Vor etwa zwei Jahren erreichte die Elektroauto-Begeisterung ihren bisherigen Höhepunkt. Tesla stand vor knapp 90 Prozent Zunahme seiner Auslieferungen in 2021, der Börsenwert steuerte auf seinen Rekordwert von mehr als 1,2 Billionen Dollar Anfang 2022 zu, und auch Aktien jeglicher anderer Elektroauto-Unternehmen waren an den Börsen weltweit gefragt. Zuletzt aber berichteten die meisten etablierten Hersteller von zu wenig Nachfrage und zogen ihre Pläne für Elektroautos in die Länge. Selbst Tesla scheint sich von seinem langfristigen Wachstumsziel verabschiedet zu haben.

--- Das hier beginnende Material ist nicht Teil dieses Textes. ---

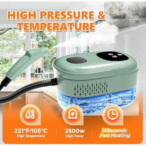 [Powerful Steam Cleaner] The high temperature pressure steam cleaner for cleaning uses a power of 2500W and can release 221℉/105℃ and 3bar high pressure steam within 15 seconds, which easily removes and removes stubborn greasy dirt, grime, dust and stains from a variety of surfaces. It helps you cope with daily cleaning tasks around the house and does not contain chemicals, harmful fumes or residue, making it a good helper for house cleaning. 6 levels of touch adjustment button: With the intelligent touch screen with 6 adjustment buttons, you can easily adjust the steam outlet and humidity of the hand steam cleaner by pressing the + or - button to achieve different steam water contents and meet your different cleaning needs. At the same time, the screen shows the use of the devices in real time. The settings of the steam cleaner for cleaning are easier to adjust than with a rotary knob. It is widely used in kitchens, bathrooms, furniture, cars, etc. [1100 ml water tank and portable] The portable steam cleaner for home use is equipped with a 1100 ml water tank, so you can focus on cleaning even away from the water source. It not only supports refilling water while working, but can also be used for half an hour after a single filling without the need to refill water frequently, which improves your cleaning efficiency. In addition, thanks to its compact design, the steam cleaner weighs only about 1.7 kg and is easy to transport to another cleaning location. [3 Different Brushes & Flexible] With 3 different brushes - steel brush, plastic brush and large plastic brush - the steam cleaner for multiple surfaces can use different brushes according to the cleaning needs, which is convenient for removing greasy dirt, grime, dust and more suitable for stoves, kitchen, car, grout and tiles. In addition, the portable steam cleaner has a 2 m steam pipe, a 1.5 m long power cord and an extension tube that allows you to thoroughly clean crevices and corners, saving you work. MULTIPURPOSE STEAM CLEANER The car steam cleaner can help you cope with more cleaning tasks and is suitable for cleaning stoves, walls, microwaves, washing machines, refrigerators, bathrooms, kitchens, living rooms, hard floors, tiles, toys, upholstery, furniture, toilets, grills, windows, carpets, showers, sofas, cars, etc. [Accessories & Service] You will receive: 1 x steam cleaner with tank, 1 x 2m steam pipe, 1 x 1.5m power cord, 1 x extension tube, 2 x steel brush, 2 x plastic brush, 1 x large plastic brush, 1 x glove, 2 x waterproof ring and 1 x user manual. If you find parts are damaged after receiving a product, or if you have other questions, please feel free to contact us. We will get back to you within 24 hours. Note: 1. Each steam cleaner is tested before leaving the factory, so there may be water stains on the water inlet hose. 2. The spray gun has no control unit. If you want to stop steam operation, please turn off the power switch on the device body. 3. Please do not touch the metal nozzle, do not touch the steam and do not spray on people, pets or the device itself. 4. Also check the position of the seal to avoid air and water leaks. › See more product details

Tesla nicht mehr mit Maximal-Tempo
Er wolle mit Tesla nicht mit maximalem Tempo in die Unsicherheit fahren, erklärte CEO Elon Musk Mitte Oktober in der Telefon-Konferenz zu den Q3-Geschäftszahlen – überraschend, denn man könnte sagen, dass er genau das bislang stets getan hat. Später stellte er sogar das Ziel von 50 Prozent mehr Elektroauto-Verkäufen pro Jahr in Frage, das Tesla erst Anfang 2021 als Durchschnitt für einen längeren Zeitraum genannt hatte. Offensichtlich könne diese Rate nicht ewig gehalten werden, antwortete er auf die Frage, ob es noch gelte.
Ein langjähriger Investor rechnet nach dem relativ schwachen Q3 und den vorsichtigen Musk-Aussagen jetzt damit, dass die Tesla-Verkäufe bis 2030 eher um durchschnittlich 30-40 Prozent statt 50 Prozent zunehmen werden; auch das Ziel von 20 Millionen verkauften Elektroautos in dem Jahr wäre so nicht mehr erreichbar. Konkurrierende Hersteller verschieben unterdessen ebenfalls Elektroauto-Investitionen in die Zukunft.

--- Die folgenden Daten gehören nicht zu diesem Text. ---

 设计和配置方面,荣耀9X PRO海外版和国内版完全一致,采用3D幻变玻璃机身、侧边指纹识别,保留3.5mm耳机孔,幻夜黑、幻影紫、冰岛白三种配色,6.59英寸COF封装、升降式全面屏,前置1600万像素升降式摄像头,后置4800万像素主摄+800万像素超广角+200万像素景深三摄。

In den USA nahmen General Motors und Ford, zusätzlich belastet durch einen langen Streik und dann hohen Abschluss mit der UAW, vergangene Woche ihre Gewinn-Prognosen für 2023 zurück und gaben den späteren Start von Fabrik-Neubauten, -Umbauten oder neuen Elektroautos bekannt. In Europa meldete der Volkswagen-Konzern, dass die E-Bestellungen wegen eines insgesamt schwachen Marktes in diesem Jahr unter dem eigenen Ziel lagen. Der Order-Bestand in Europa nach neun Monaten war mit 150.000 Elektroautos nur halb so hoch wie vor einem Jahr.

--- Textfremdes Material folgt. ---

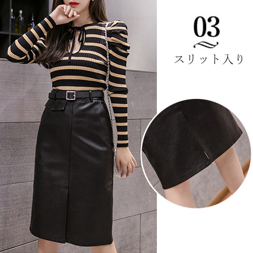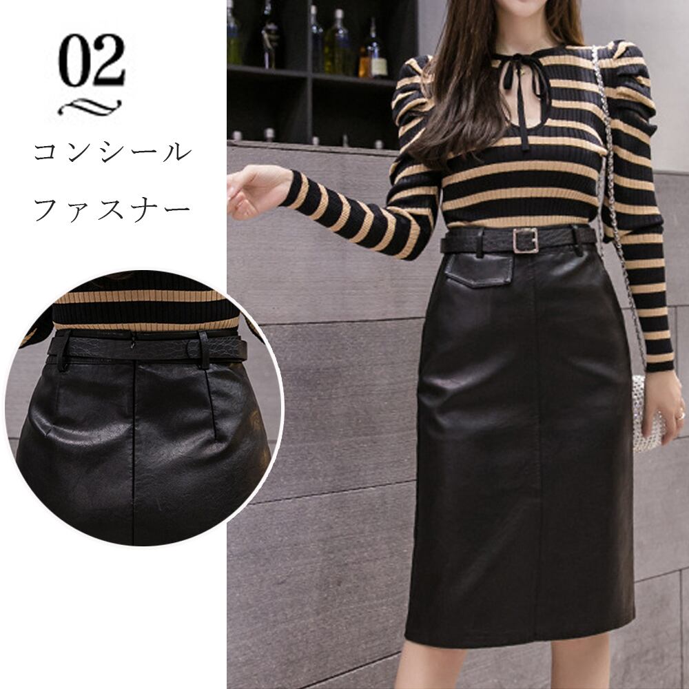 【日本倉庫即納】 PUレザースカート ベルト付き 着やせ

Weniger Druck auf Elektroauto-Startups
In diesem Umfeld hören sich mögliche 30-40 Prozent Tesla-Wachstum pro Jahr bis 2030 auf dann rund 8,5 Millionen Stück immer noch beneidenswert an – vielleicht abgesehen von BYD, das seine Verkäufe zuletzt viel schneller steigerte und im dritten Quartal bis auf wenige tausend reine Elektroautos an Tesla herankam. Und als CEO Musk in der Q3-Konferenz sagte, das Unternehmen müsse seine Elektroautos bezahlbarer machen, klang das danach, als wolle er die geschwächte Konkurrenz mit weiteren Preissenkungen zusätzlich unter Druck setzen.
Jetzt jedoch gibt es erste zarte Anzeichen für ein Umdenken bei Musk. In China als dem größten und umkämpftesten Elektroauto-Markt der Welt hat Tesla in dieser Woche den Preis für das Model Y Perfomance um 14.000 Renminbi auf umgerechnet gut 47.000 Euro erhöht, nachdem er erst Mitte August um denselben Betrag gesunken war. Ein lokaler Analyst sagte der South China Morning Post, Tesla verschiebe seinen China-Fokus von Volumen zu Profitabilität. Damit nehme das US-Unternehmen Druck von chinesischen Startups wie Nio und Xpeng.
Einen kleinen Schritt in diese Richtung ging Tesla am Freitag zudem auch in seiner Heimat: Der Preis für das Model Y Long Range, erst Anfang des Monats auf das niedrigste Niveau seiner Existenz gesenkt, stieg um 500 Dollar auf 48.990 Dollar.